Şikayet dilekçesinde, 28 Ocak 2024 günü pazar ayini sırasında maskeli iki kişi tarafından terör saldırısı düzenlendiği, bir kişinin hayatını yitirdiği belirtildi. Reuters Haber Ajansı’ndan örgütün saldırıyı üstlendiğinin duyurulduğu, IŞİD’in yayın organlarından da atağın “Yahudi ve Hristiyanların her yerde maksat alınmasını” isteyen talimatına bir karşılık olduğu, olayın dünya basını ve ülke gündeminde büyük bir yankı uyandırdığı kaydedildi.

“TEHDİDİN BOYUTUNUN ÖNEMLİ OLDUĞU AÇIKTIR”

Kilisenin yalnızca bu mezhebe mensup bireyler tarafından değil, farklı dinleri benimsemiş kimseler tarafından da haftanın her günü binlerce kişi tarafından ziyaret edildiği anlatılan dilekçede, “Şüphelilerin ayinde bulunanlara yönelik maksat gözetmeksizin ateş ettiği açıktır. Basın ve kamuoyuna intikal eden bilgi ve dokümanlar değerlendirildiğinde müvekkil kiliseyi ziyaret eden binlerce yerli-yabancı insanın can güvenliğinin olmadığı Anayasal bir hak olan ömür hakkının tehlikede olduğu açıktır. Santa Maria Kilisesi terör saldırısının gazetelerde manşet olması üzere sebepler düşünüldüğünde tehdidin boyutunun hayli önemli olduğu açıktır. Çünkü binlerce pak insanın hayat hakkı elinden alındıktan sonra öbür hiçbir hakkın manasının kalmayacağı açıktır” denildi.

“YASAL ÖNLEMLERİN ALINMASINI TALEP ETME ZARURİLİĞİ HASIL OLMUŞTUR”

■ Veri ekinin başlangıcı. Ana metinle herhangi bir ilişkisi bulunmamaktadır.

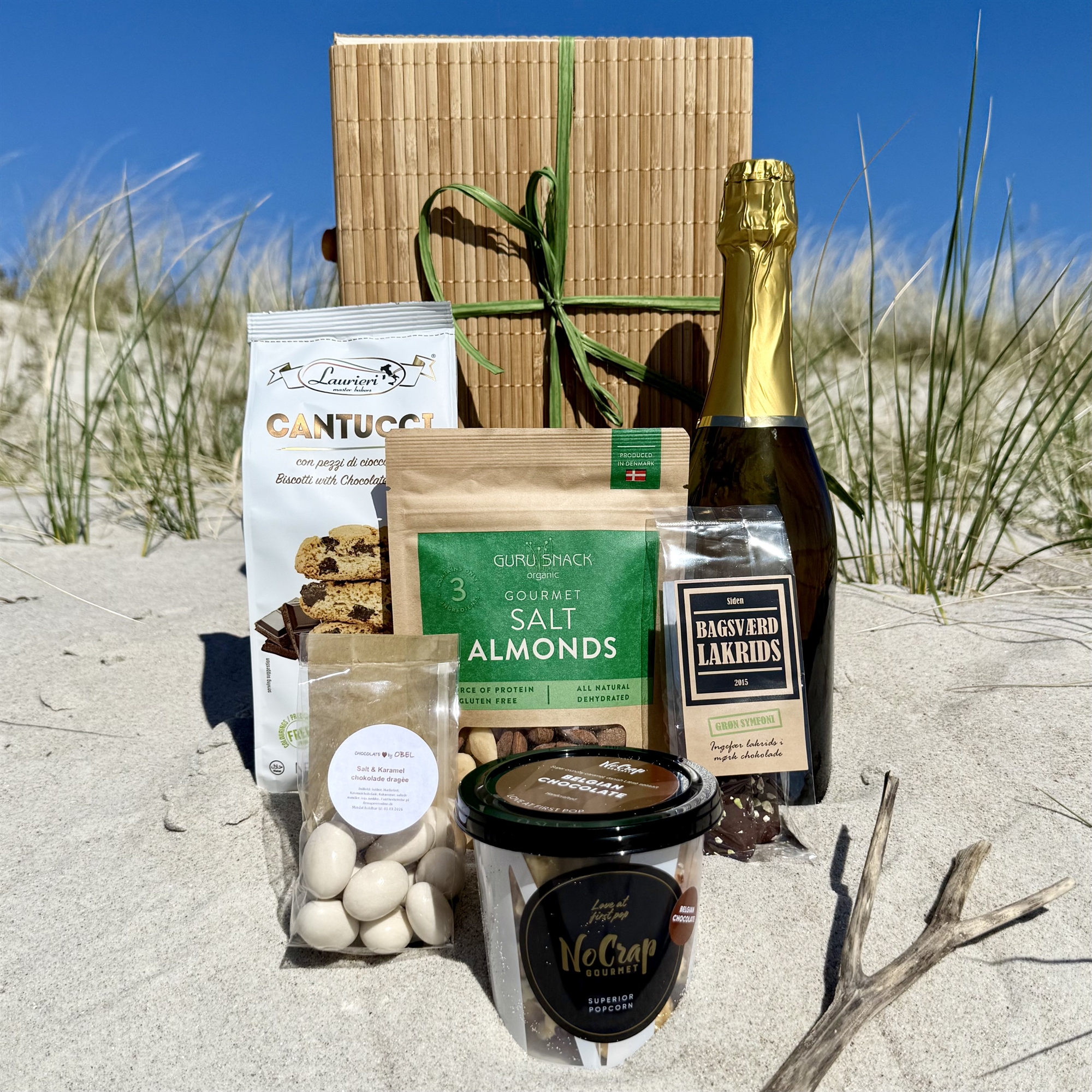 Sommergave i bambusæske med Italienske bobler og masser af lækre snacks
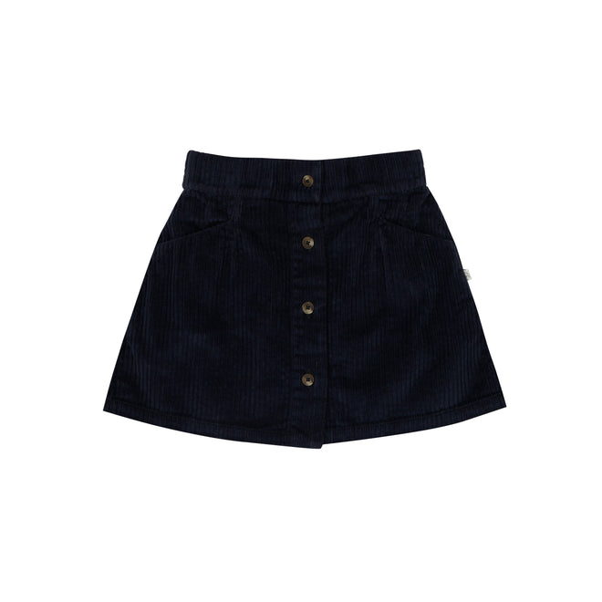 Product description This super soft corduroy skirt has an elasticated waitband, front insert pockets and closure at front - Elasticated waistband Front insert pocket Closure with buttons at Centre front 100% Organic Cotton
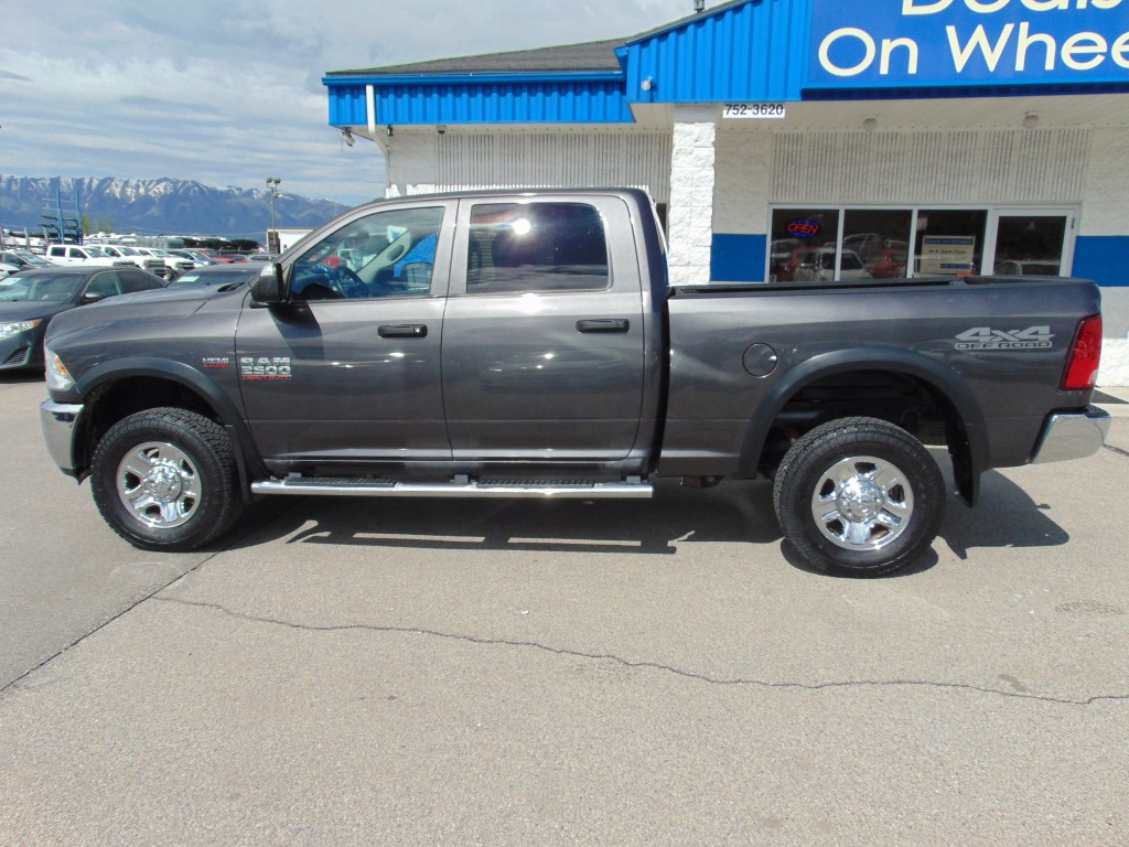 2018 RAM 2500 TRADESMAN 4X4, CREW CAB, SHORT BED, WITH THE 6.4L V8 HEMI MOTOR, AUTOMATIC TRANSMISSION, 373 AXLE WITH ANTI-SPIN REAR DIFF, ELECTRIC SHIFT 4X4, OFF ROAD PACKAGE, AND 107,225 MILES. THIS RAM COMES EQUIPPED WITH BLACK CLOTH INTERIOR, 6 PASSENGER SEATING, POWER WINDOWS, LOCKS, AND MIRRORS, TILT, CRUISE, A/C, AM/FM/XM STEREO, BLUETOOTH, USB/AUX. PORTS, STEERING WHEEL AUDIO CONTROLS, 5.0 INCH TOUCHSCREEN, REVERSE CAMERA, REVERSE SENSORS, FACTORY TRAILER BRAKE CONTROLLER, GOOSENECK BALL TOW PACKAGE, BUMPER PULL TOW PACKAGE, SPRAY-IN BEDLINER, FIXED RUNNING BOARDS, GOOD TIRES, AND MUCH MORE!! THIS RAM IS IN EXCELLENT CONDITION INSIDE AND OUT! IT IS ON A CLEAN TITLE AND ACTUAL MILES.
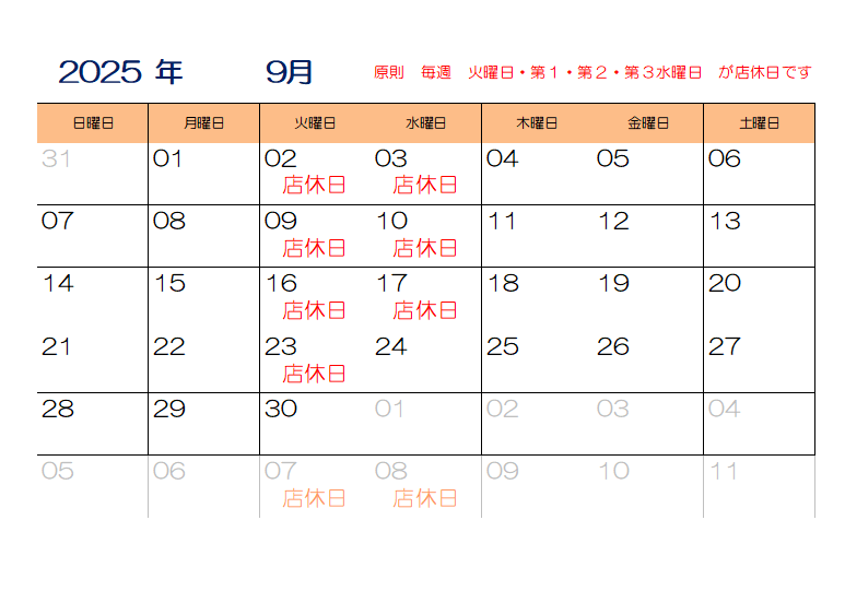 9月の店休日のお知らせです🌻

Dilekçede, “Müvekkile karşı yönetilen tehdidin önemli ve çok yakın olması, kamuya açık, dini bir ibadet yeri olması, daima ve açık tehditlere müsait olması sebebiyle tarafımızca kabahat duyurusunda bulunma zaruriliği hasıl olmuştur. Basın ve kamuoyuna intikal eden bilgi ve dokümanlar kıymetlendirilerek müvekkilin maruz bulunduğu tehdidin değeri, talebi, durumu ve eldeki imkanlar dikkate alınarak polis muhafazası tahsis edilmesini ve bu belirtilen somut tehditleri bertaraf edecek öbür gerekli yasal önlemlerin alınmasını talep etme mecburiliği hasıl olmuştur” sözleri kullanıldı.

“EYLEM, KİLİSEDE BULUNAN İNSANLARIN TAMAMINI ÖLDÜREREK İNFİAL YARATMAKTIR”

3713 sayılı Terörle Gayret Kanununa yer verilen şikayet dilekçesinde, “Somut olayda gerçekleştirilmek istenen aksiyon, kilisede bulunan insanların tamamını öldürerek vahşet ile infial yaratmaktır. Bu olayla terör örgütü mensubu şüpheliler devletin birliğini ve ülke bütünlüğünü bozmak cürmünü işlemişler ve pak bir insanın hayatını kaybetmesine sebep olmuşlardır” denildi. Dilekçede, şüpheliler ve kimliği tespit edilemeyen terör örgütü ile kontaklı öteki şahısların hareketlerine uyan unsurları uyarınca cezalandırılması için dava açılması, polis müdafaası tahsis edilmesi ve somut tehditleri bertaraf edecek gerekli yasal önlemlerin alınması talep edildi.